##### Input data

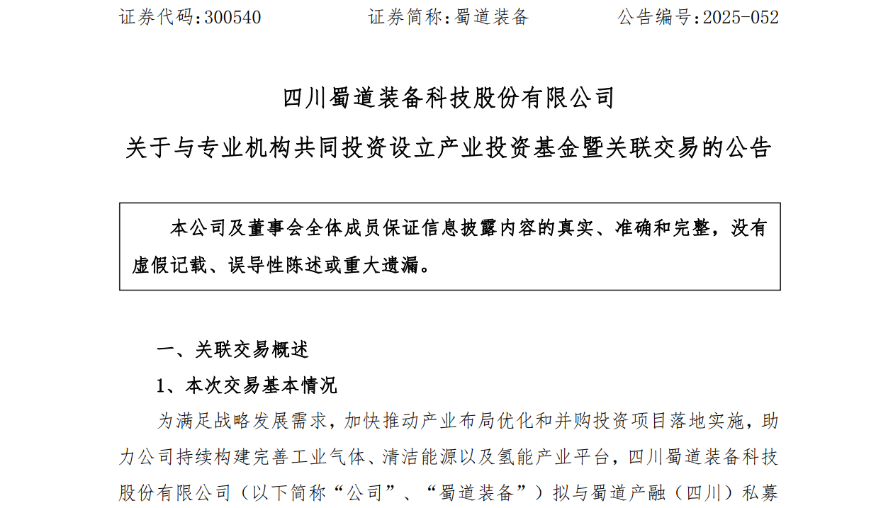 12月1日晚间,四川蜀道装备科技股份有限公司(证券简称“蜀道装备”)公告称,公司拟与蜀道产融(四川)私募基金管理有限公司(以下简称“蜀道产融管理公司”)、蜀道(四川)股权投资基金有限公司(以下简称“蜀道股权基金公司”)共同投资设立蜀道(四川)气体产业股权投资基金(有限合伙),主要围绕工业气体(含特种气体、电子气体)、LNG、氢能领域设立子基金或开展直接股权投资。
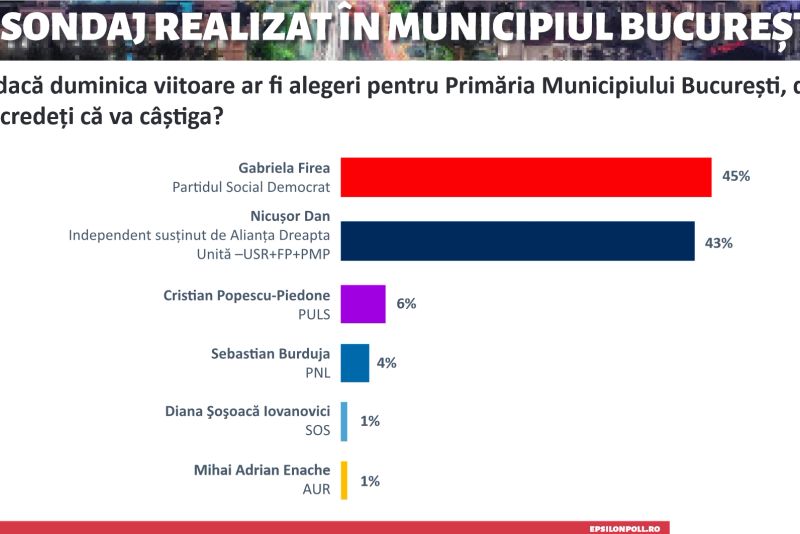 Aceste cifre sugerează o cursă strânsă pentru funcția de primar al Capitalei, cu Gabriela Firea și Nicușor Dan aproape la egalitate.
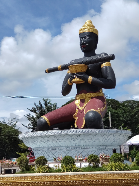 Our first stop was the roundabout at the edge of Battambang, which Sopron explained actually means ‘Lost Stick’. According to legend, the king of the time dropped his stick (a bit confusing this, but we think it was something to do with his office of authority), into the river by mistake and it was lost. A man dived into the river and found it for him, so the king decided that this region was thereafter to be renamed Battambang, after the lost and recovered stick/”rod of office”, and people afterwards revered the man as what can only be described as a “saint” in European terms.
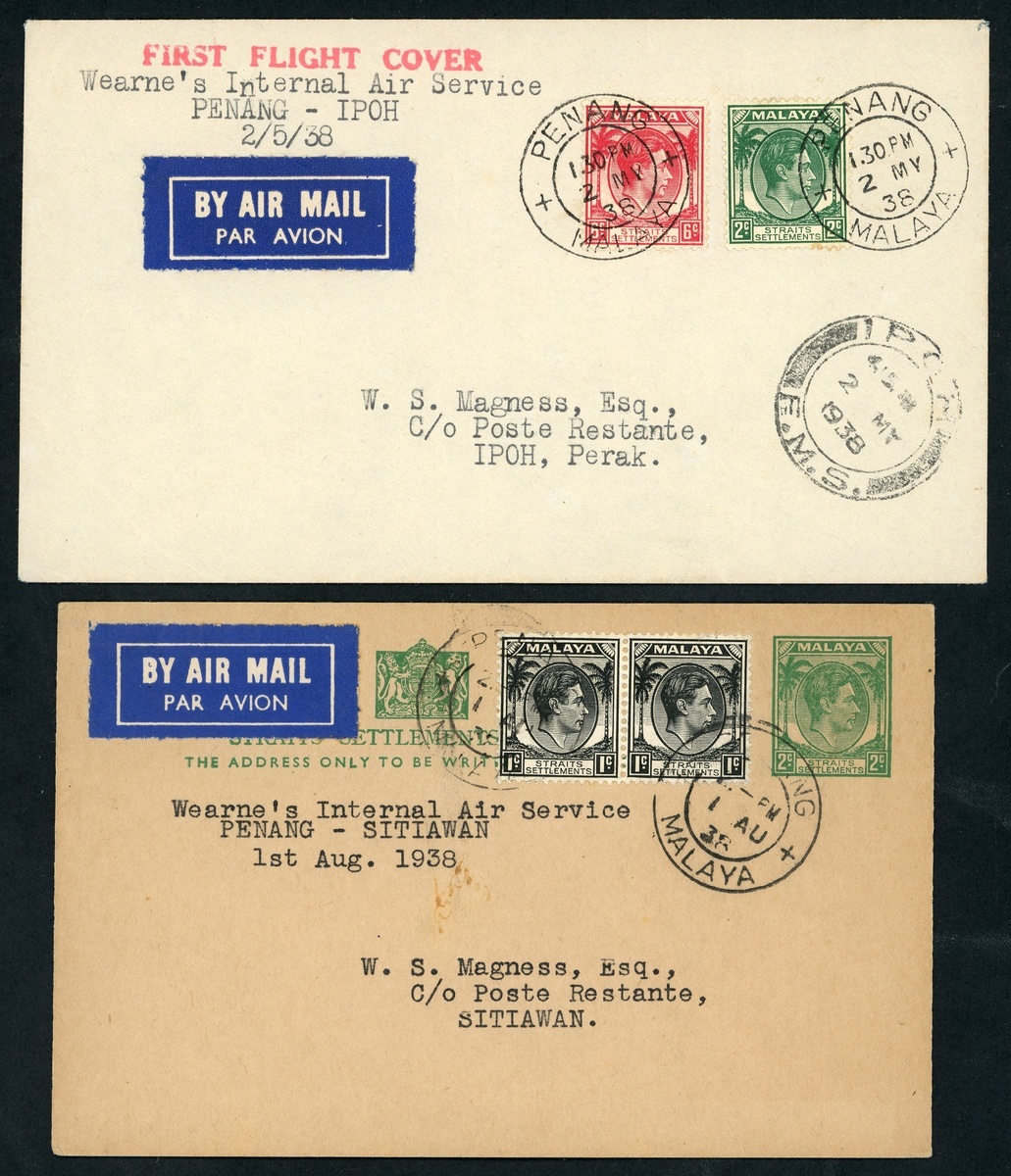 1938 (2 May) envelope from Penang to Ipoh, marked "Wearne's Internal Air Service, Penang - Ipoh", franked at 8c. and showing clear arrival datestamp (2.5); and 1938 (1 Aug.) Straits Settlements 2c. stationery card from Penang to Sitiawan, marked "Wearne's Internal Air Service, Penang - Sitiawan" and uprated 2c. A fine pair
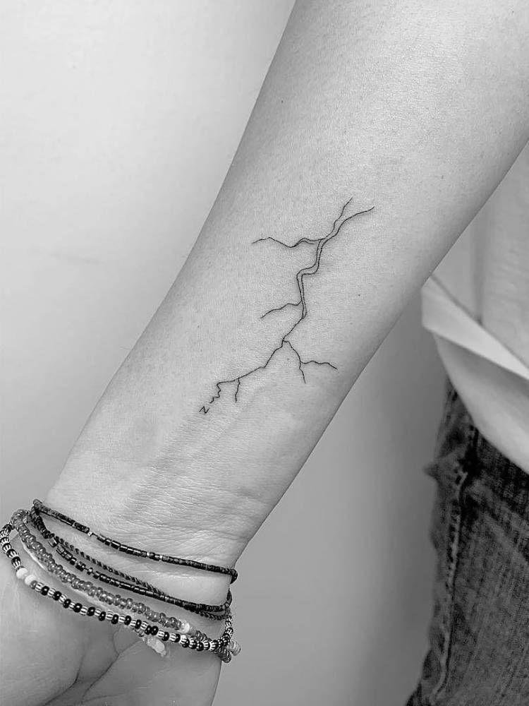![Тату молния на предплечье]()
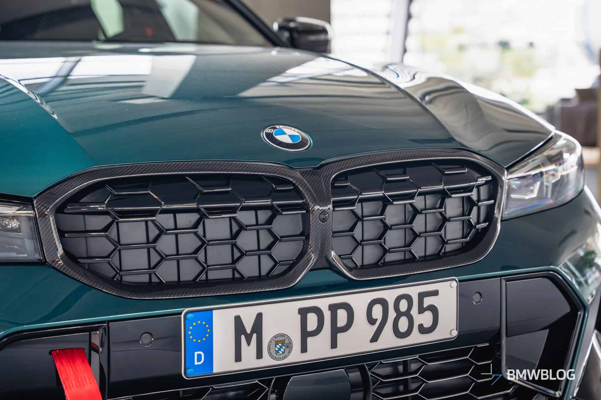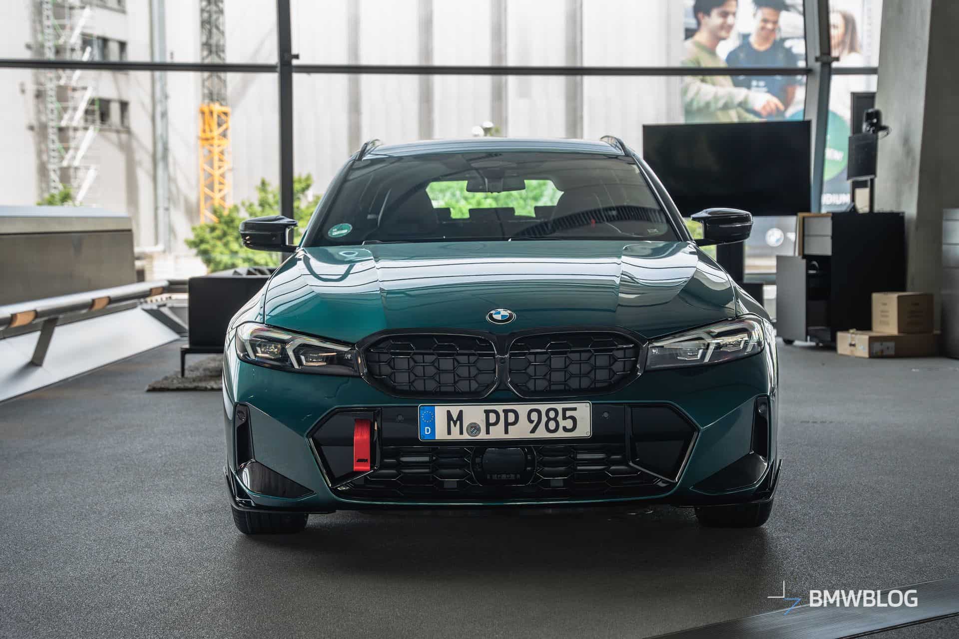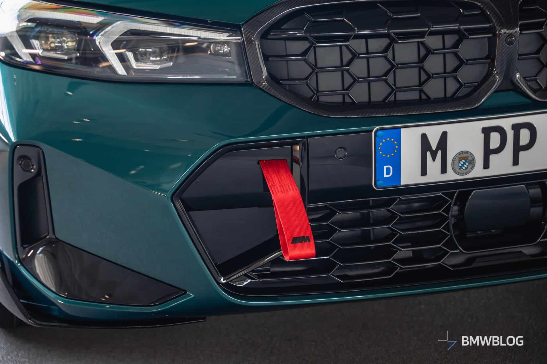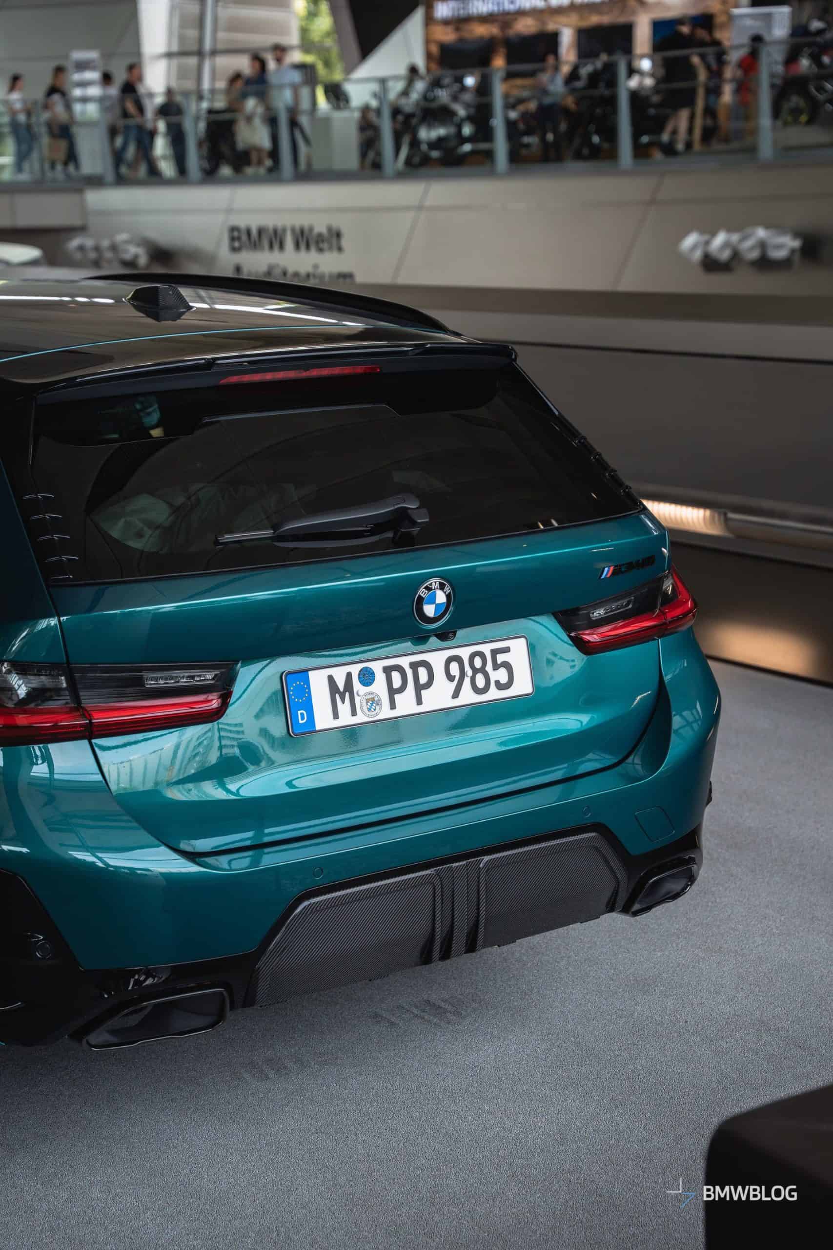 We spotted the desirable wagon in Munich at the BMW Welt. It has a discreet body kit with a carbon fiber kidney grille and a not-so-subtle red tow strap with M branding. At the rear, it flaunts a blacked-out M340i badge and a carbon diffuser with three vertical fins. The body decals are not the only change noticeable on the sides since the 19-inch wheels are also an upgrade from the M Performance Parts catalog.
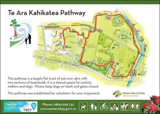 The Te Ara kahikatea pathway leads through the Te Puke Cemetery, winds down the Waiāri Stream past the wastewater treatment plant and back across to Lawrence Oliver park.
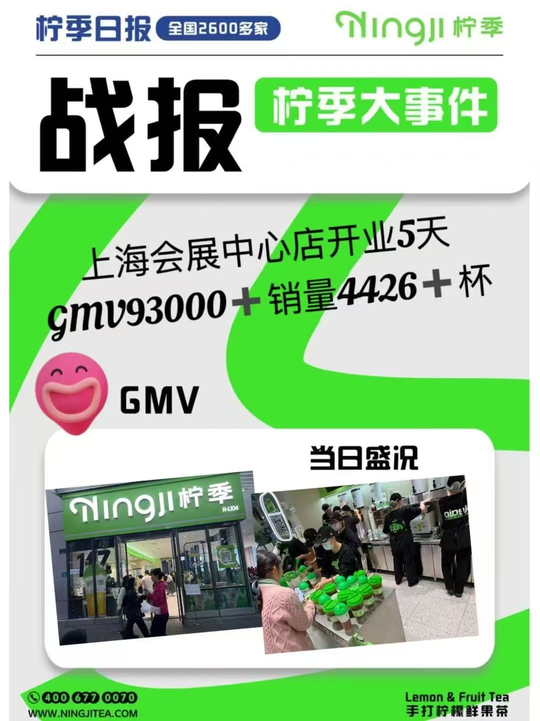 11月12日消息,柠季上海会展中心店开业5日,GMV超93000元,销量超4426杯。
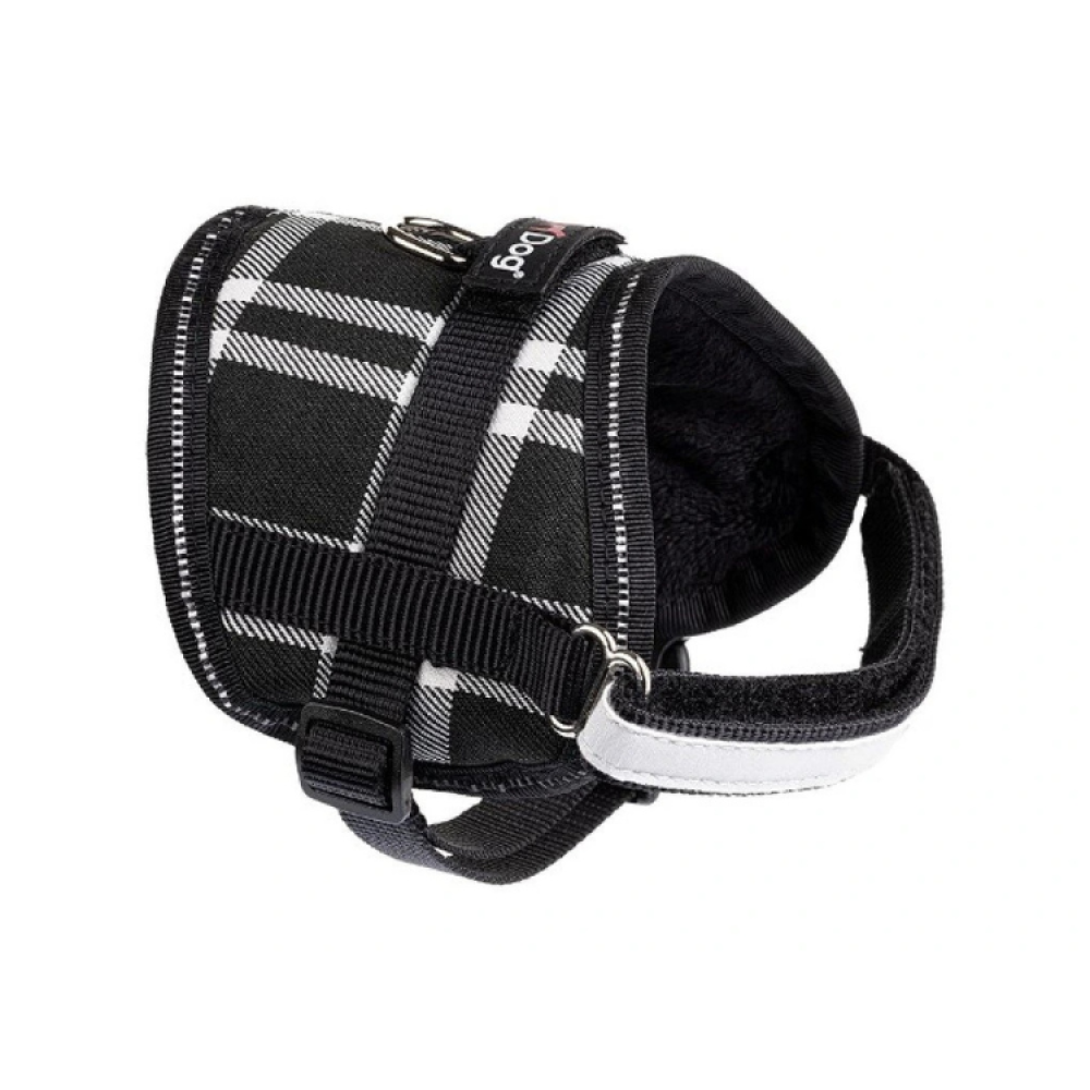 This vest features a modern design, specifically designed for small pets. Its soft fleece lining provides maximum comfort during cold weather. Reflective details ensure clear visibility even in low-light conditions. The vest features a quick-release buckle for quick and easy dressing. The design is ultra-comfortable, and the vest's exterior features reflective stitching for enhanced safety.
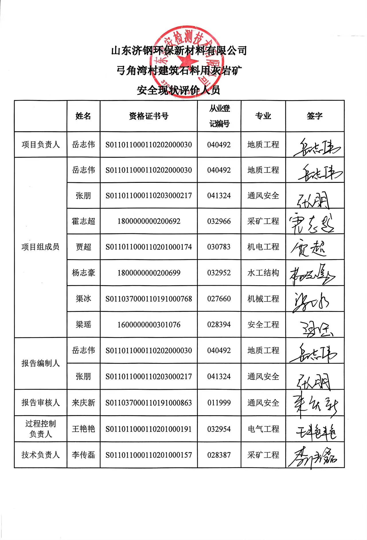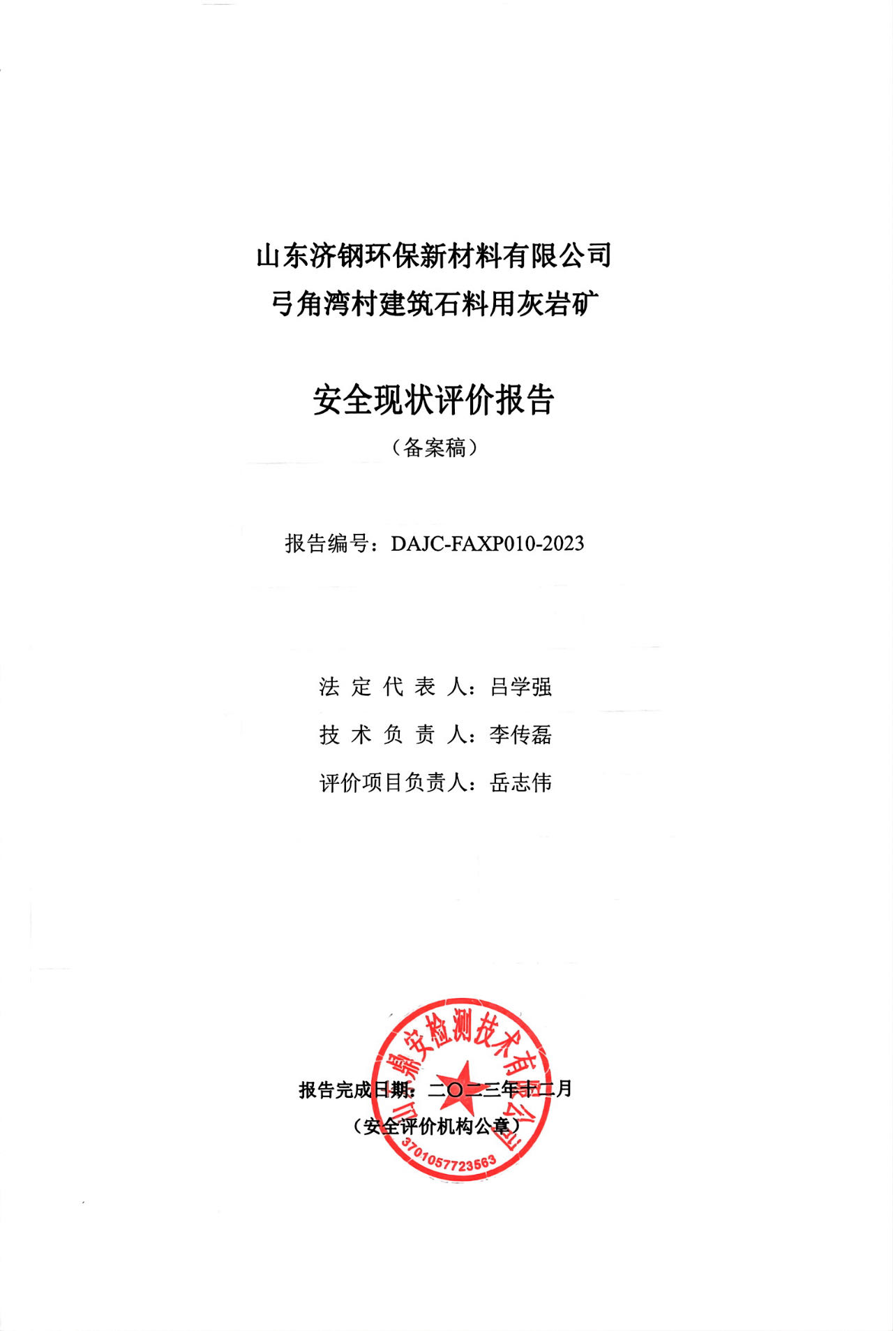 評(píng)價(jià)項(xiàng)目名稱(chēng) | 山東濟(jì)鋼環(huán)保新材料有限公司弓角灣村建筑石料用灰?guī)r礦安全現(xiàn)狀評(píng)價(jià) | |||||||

##########

### About this exercise
Please output exactly the lines of the data above, from its first line through the line with "1938 (2 May)", and nothing else; drop the pictures.

### Response to the task
 12月1日晚间,四川蜀道装备科技股份有限公司(证券简称“蜀道装备”)公告称,公司拟与蜀道产融(四川)私募基金管理有限公司(以下简称“蜀道产融管理公司”)、蜀道(四川)股权投资基金有限公司(以下简称“蜀道股权基金公司”)共同投资设立蜀道(四川)气体产业股权投资基金(有限合伙),主要围绕工业气体(含特种气体、电子气体)、LNG、氢能领域设立子基金或开展直接股权投资。
 Aceste cifre sugerează o cursă strânsă pentru funcția de primar al Capitalei, cu Gabriela Firea și Nicușor Dan aproape la egalitate.
 Our first stop was the roundabout at the edge of Battambang, which Sopron explained actually means ‘Lost Stick’. According to legend, the king of the time dropped his stick (a bit confusing this, but we think it was something to do with his office of authority), into the river by mistake and it was lost. A man dived into the river and found it for him, so the king decided that this region was thereafter to be renamed Battambang, after the lost and recovered stick/”rod of office”, and people afterwards revered the man as what can only be described as a “saint” in European terms.
 1938 (2 May) envelope from Penang to Ipoh, marked "Wearne's Internal Air Service, Penang - Ipoh", franked at 8c. and showing clear arrival datestamp (2.5); and 1938 (1 Aug.) Straits Settlements 2c. stationery card from Penang to Sitiawan, marked "Wearne's Internal Air Service, Penang - Sitiawan" and uprated 2c. A fine pair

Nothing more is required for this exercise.